Sehr geehrte Frau H.

vielen Dank für Ihre Frage zur Reform des Informationsfreiheitsgesetzes (IFG), zu dem im Koalitionsvertrag vom April 2025 steht (Zitat): „Wir wollen den Bundestag zu einem moderneren Gesetzgebungsorgan weiterentwickeln. Der Bundestag muss die Regierung und die Verwaltung effektiv kontrollieren können. Das Informationsfreiheitsgesetz (IFG) in der bisherigen Form wollen wir mit einem Mehrwert für Bürgerinnen und Bürger und Verwaltung reformieren“ (Seite 59 im KOA-Vertrag; Zeile 1893- 1896). Basierend auf dieser Zielvereinbarung hat sich der Koalitionsausschuss am 2. Juli 2026 darauf verständigt, dass genau dieses Vorhaben der Koalition jetzt umgesetzt werden soll. Klar ist: Federführend für die Erarbeitung eines Gesetzesentwurfes ist der Bundesinnenminister Alexander Dobrindt, aber natürlich liegt dieser Gesetzentwurf noch gar nicht vor! Insofern bin ich überrascht von Ihnen folgende Beurteilung zu lesen, für die es noch gar keine Grundlage geben kann: „Mit den geplanten Änderungen wäre Tür und Tor offen für unlautere Arbeit im Parlament und den unkontrollierten Einfluss von Lobbyisten.“ Entschuldigen Sie meine Beurteilung: DAS ist eine faktenfreie Unterstellung.
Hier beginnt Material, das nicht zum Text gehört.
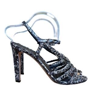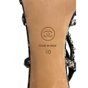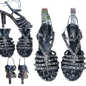 Chanel Snakeskin Chain Strappy High Heel Sandals
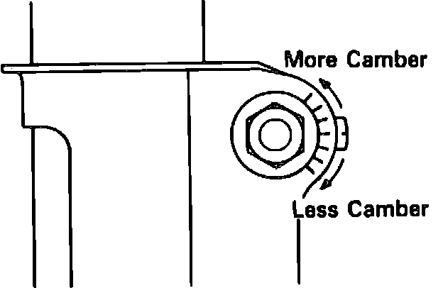 Camber is adjusted by turning the camber nut located on the front strut, Fig. 1. Measure camber with suitable alignment equipment, then adjust camber by loosening shock absorber set nut and turning cam as necessary to bring camber within specification. Retorque set nut to 166 ft. lbs. on 1987-88 Camry, 152 ft. lbs. on 1985 Corolla FWD with diesel engine, 1985-86 Camry and 1986-88 Celica or 105 ft. lbs. on all other models.
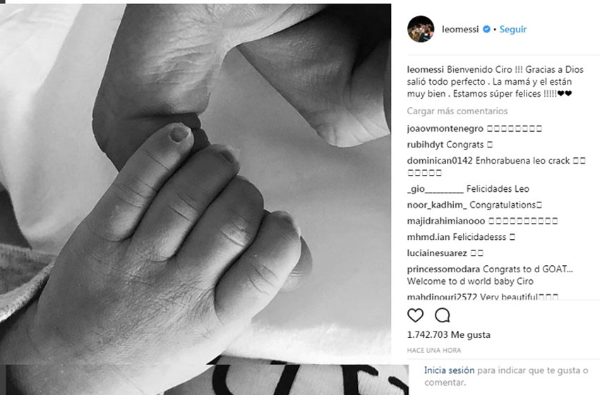 El nacimiento de Ciro se adelantó a las previsiones ya que era aguardado para los primeros días de abril próximo, según lo habían anunciado Lionel y Antonella en octubre pasado.
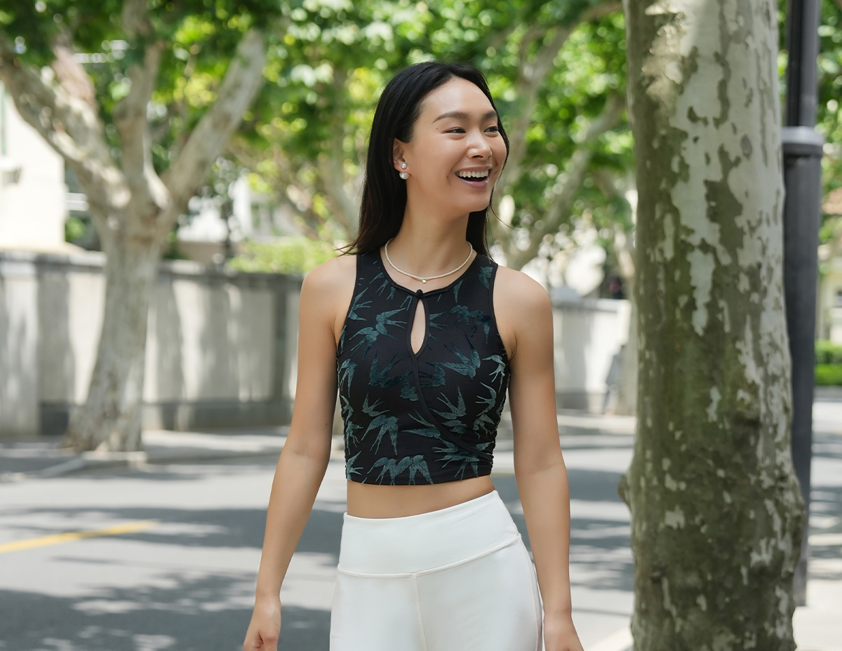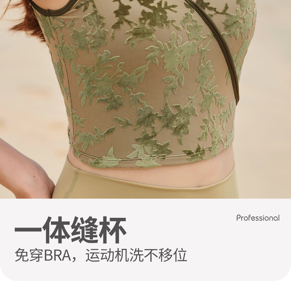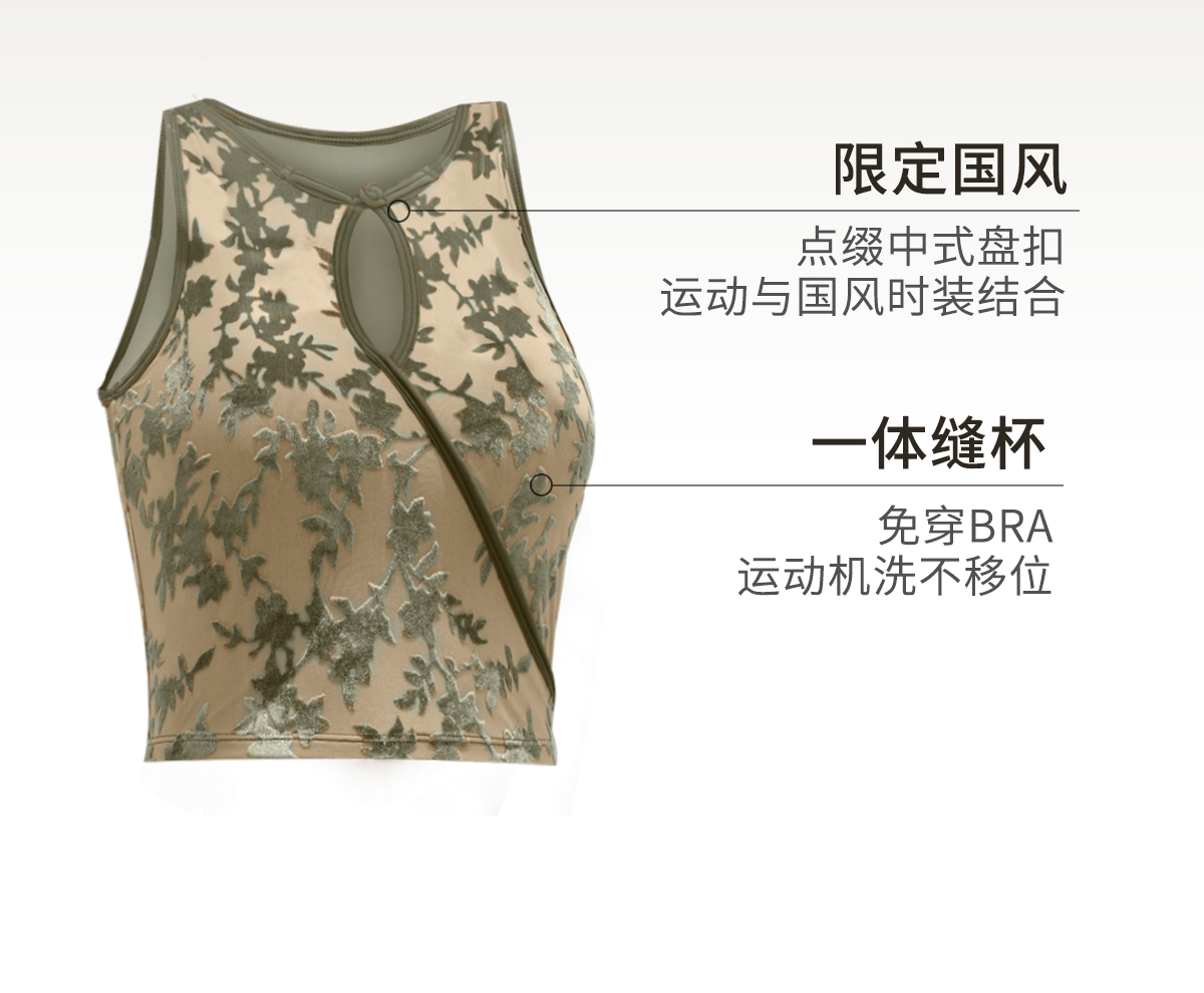 爱暇步优雅国风瑜伽背心女收副乳2025新款健身新中式瑜伽服一体杯A25216NAT
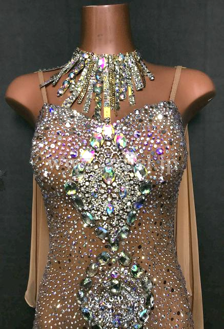 上品なベージュカラーにストーンがたっぷりでゴージャス。
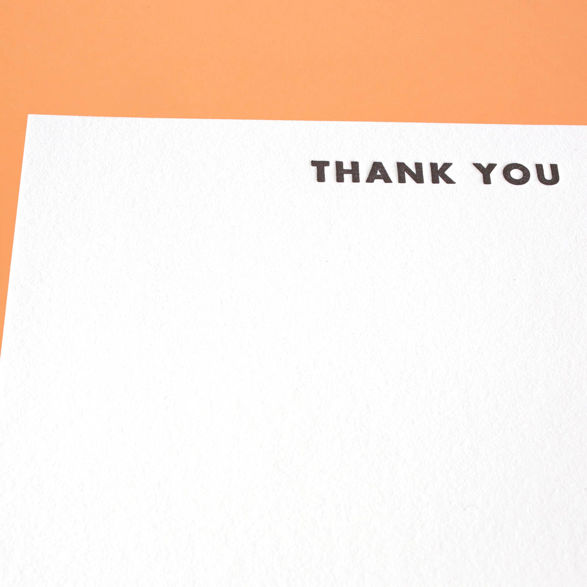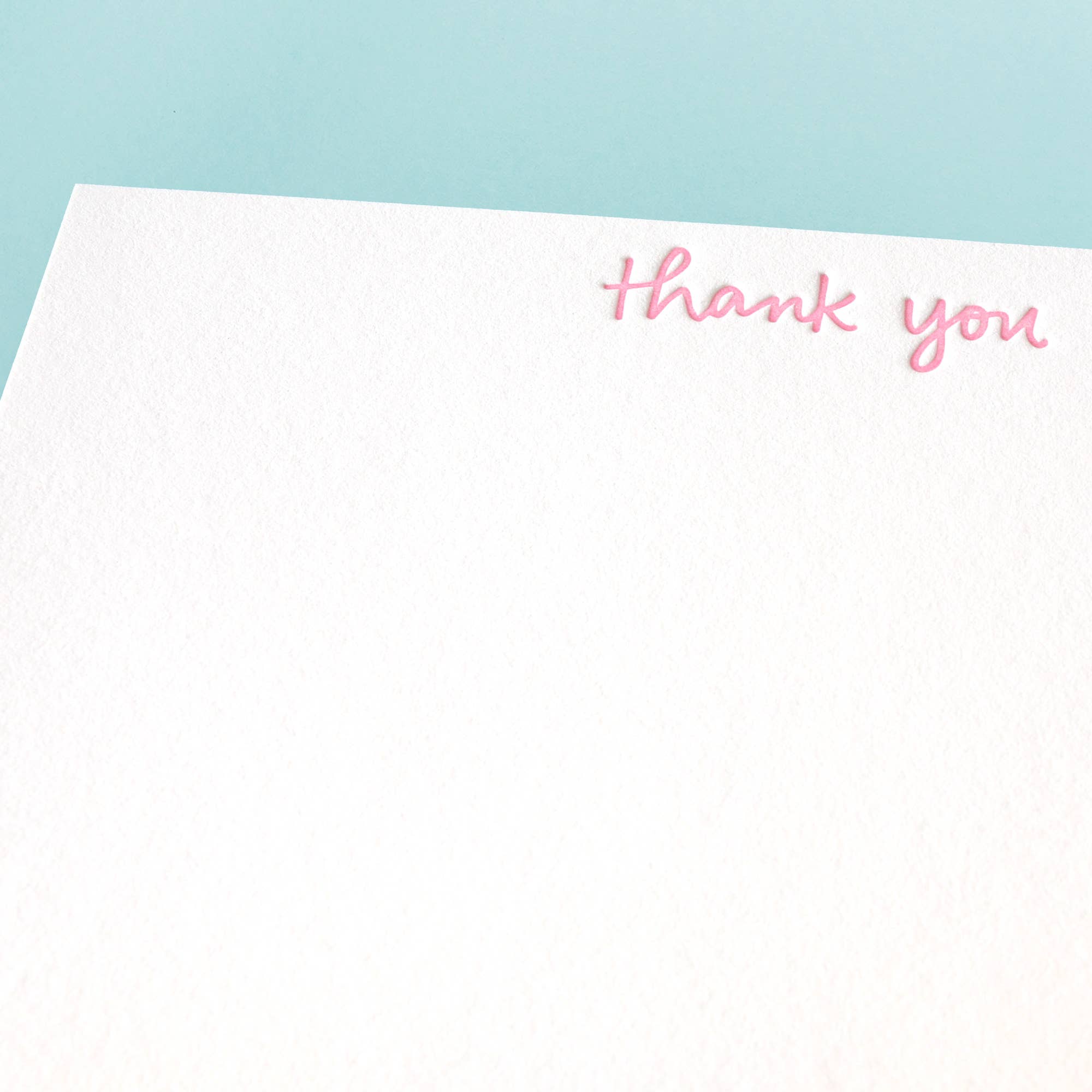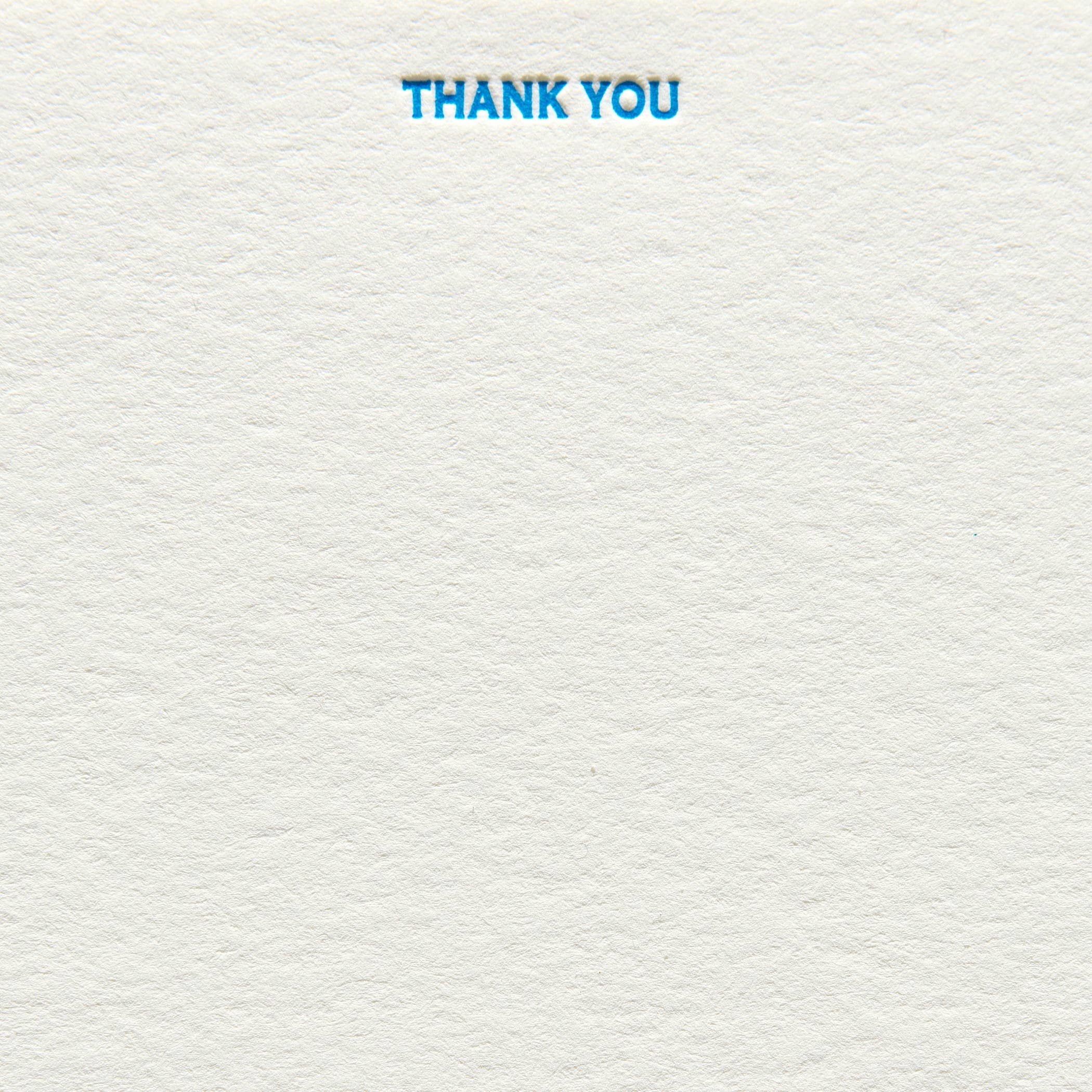 Keep thank you notes at the ready for any occasion. This boxed set includes 10 flat cards and envelopes, letterpress printed by hand on 100% cotton paper. Made with hand-mixed inks for a beautifully crafted touch. Packaged in a clear box.

Fakt ist, dass es das IFG seit 2006 als Gesetz gibt und dass es in der ersten Großen Koalition auf maßgebliche Initiative der SPD-Bundestagsfraktion eingeführt worden ist. Selbstverständlich wollen wir als Sozialdemokraten auch weiterhin, dass das Parlament transparent und im Sinne der Bürger agiert. Insofern hilft Ihnen für mehr Vertrauen eventuell die öffentliche Äußerung der SPD-Bundesministerin für Justiz und Verbraucherschutz Stefanie Hubig am 8. Juli 2026. In der Regierungsbefragung wurde die Justizministerin von dem Abgeordneten Dr. Till Steffen (BÜNDNIS 90/DIE GRÜNEN) zum IFG gefragt und sie antworte hierzu wie folgt: (Zitat Plenarprotokoll des Bundestages): „Herr Abgeordneter, das IFG ist eine Errungenschaft, für die sich meine Partei, die SPD-Fraktion immer eingesetzt hat. Insofern ist es für mich ganz klar, dass die Exekutive, dass die Regierung natürlich Transparenz herstellen muss, dass sie den Bürgerinnen und Bürgern Rechenschaft über ihr Tun schuldig ist. Deshalb ist es völlig klar, dass es das IFG weitergeben wird und dass wir bei Veränderungen am IFG darauf achten, dass der Grundkonsens, den wir – auch innerhalb der Regierung – darüber haben, wofür das IFG steht, beibehalten wird. Wir haben auch im Koalitionsvertrag die Vereinbarung, dass wir das IFG reformieren wollen – zugunsten der Bürgerinnen und Bürger, zugunsten einer besseren Schlagkraft, sage ich jetzt mal. Herr Abgeordneter, nochmals: Ich habe gesagt, wie ich dazu stehe, wie wir auch innerhalb der Bundesregierung dazu stehen. Wir werden sehen: Es wird sicherlich ein Gesetzentwurf vom zuständigen Ressortminister vorgelegt werden. Wir werden uns den angucken. Sie können sicher sein, dass die Garantie, dass die Regierung transparent über ihr Tun Rechenschaft ablegt, weiterhin vorhanden sein wird.“ In der Mediathek des Bundestages (Quelle: https://www.bundestag.de/dokumente/textarchiv/2026/kw28-de-regierungsbefragung-1154632 ) können Sie sich die Regierungsbefragung nochmals anschauen. 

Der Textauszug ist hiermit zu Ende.